I am in the process of writing a Ruby script/app that helps me compiling LaTeX to (at least) PDF. One feature I want it to have is that it should run pdflatex
iteratively until the PDF converges (as it should, I guess).
The idea is to compare the PDF generated in one iteration against the one from the former iteration using their fingerprints. In particular, I currently use Digest::MD5.file(.)
.
The problem now is that this never converges. A (The, hopefully) culprit is the PDF's timestamp that is set to the seconds at least by pdflatex
. Since runs of pdflatex
take typically longer than one second, the result keeps changing. That is, I expect the PDF's to be equal up to the timestamp(s) after some point. This assumption might be wrong; hints appreciated.

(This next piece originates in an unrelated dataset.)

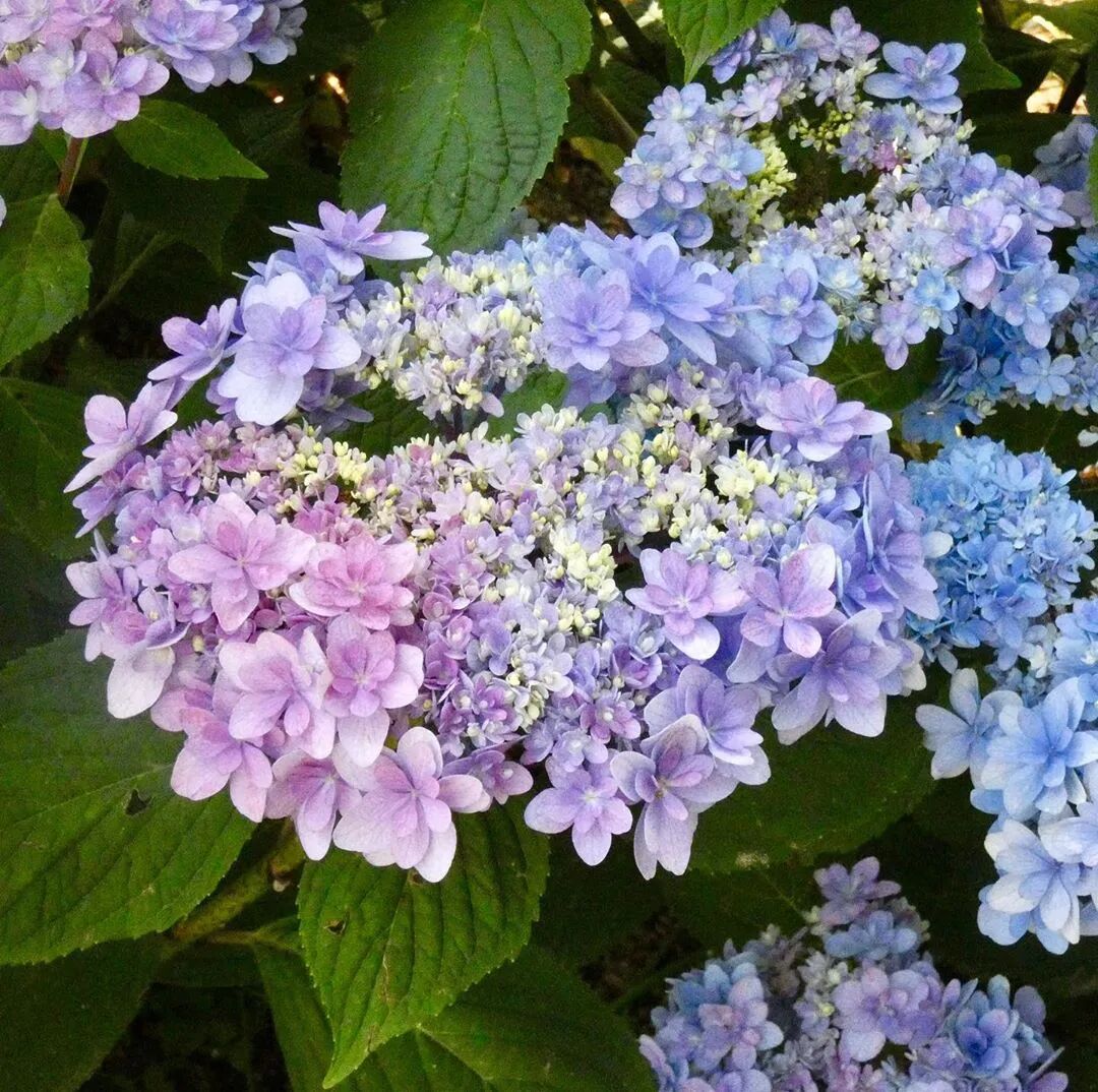 这些梦幻如水彩画的颜色,其实是绣球的基因里写就的,绣球花含飞燕草素,在铝离子的影响下,结合显色便蓝,不显色便是粉紫色调,当然在酸性环境,显色会更容易。所以也有说法,绣球,酸蓝碱粉。

What can I do about this? My basic ideas so far:
- Use a library capable of doing the job
- Strip meta data away and only hash PDF content
- Overwrite timestamps by a fixed value before comparing
Do you have more ideas or even solutions? Solutions should only use free software that runs on Linux. Such that only use Ruby are preferred, but using external software is perfectly acceptable.
By the way, I do not exactly know how PDF is encoded but I suspect that merely comparing the contained text won't work for me since only graphics or links might change in later iterations.
Possibly related:
- How to compare two PDF files? (Messy, text-based or proprietary solutions)
- Functional PDF Testing (Uses a Java library; not clear wether it is up to the job)